Juru Bicara KPK, Budi Prasetyo mengatakan, interogator mengonfirmasi kepada LEH mengenai proses nan dijalani sebagai pengusaha rokok dalam mengurus cukai. Pemeriksaan itu merupakan bagian dari upaya menelusuri kemungkinan adanya penyimpangan, suap, alias gratifikasi dalam proses tersebut.
KPK juga menjadwalkan pemeriksaan terhadap dua pengusaha rokok lainnya, ialah Rokhmawan dan Benny Tan. Namun, keduanya tidak memenuhi panggilan interogator di Gedung Merah Putih KPK, Kuningan Persada, Jakarta Selatan.
Ketidakhadiran dua saksi tersebut dinilai semakin memperkuat dugaan bahwa perkara ini tidak sederhana dan berpotensi melibatkan jaringan nan lebih luas.
Informasi nan beredar menyebutkan, KPK juga telah meminta penjelasan terhadap 17 perusahaan rokok di wilayah Jawa Timur, Jawa Tengah, dan Daerah Istimewa Yogyakarta.
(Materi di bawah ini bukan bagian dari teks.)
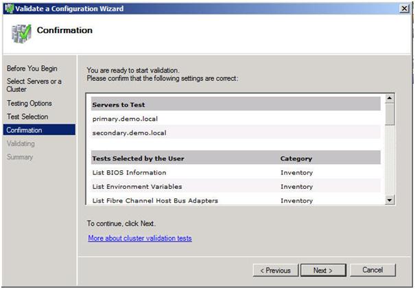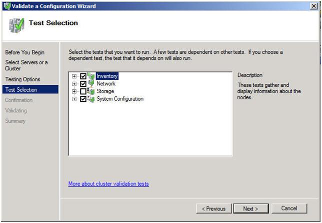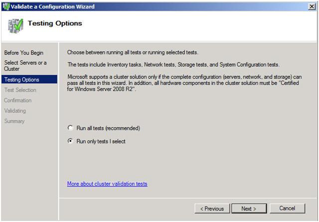 A multi-site cluster does not need to pass the storage validation (see Microsoft article). Toskip the storage validation process,click on “Run only the tests I select” and click Continue.

Langkah ini mengindikasikan investigasi mulai mengarah pada penelusuran pola dan jaringan dalam praktik cukai rokok ilegal.
Menanggapi perihal tersebut, Direktur Eksekutif Centre for Budget Analysis (CBA), Uchok Sky Khadafi menegaskan, bahwa perdagangan rokok terlarangan merupakan kejahatan serius nan merugikan penerimaan negara dari sektor cukai dan pajak, serta merusak tata kelola industri tembakau.
Menurutnya, praktik tersebut tidak mungkin berkembang tanpa lemahnya pengawasan, pembiaran, alias dugaan keterlibatan oknum aparat.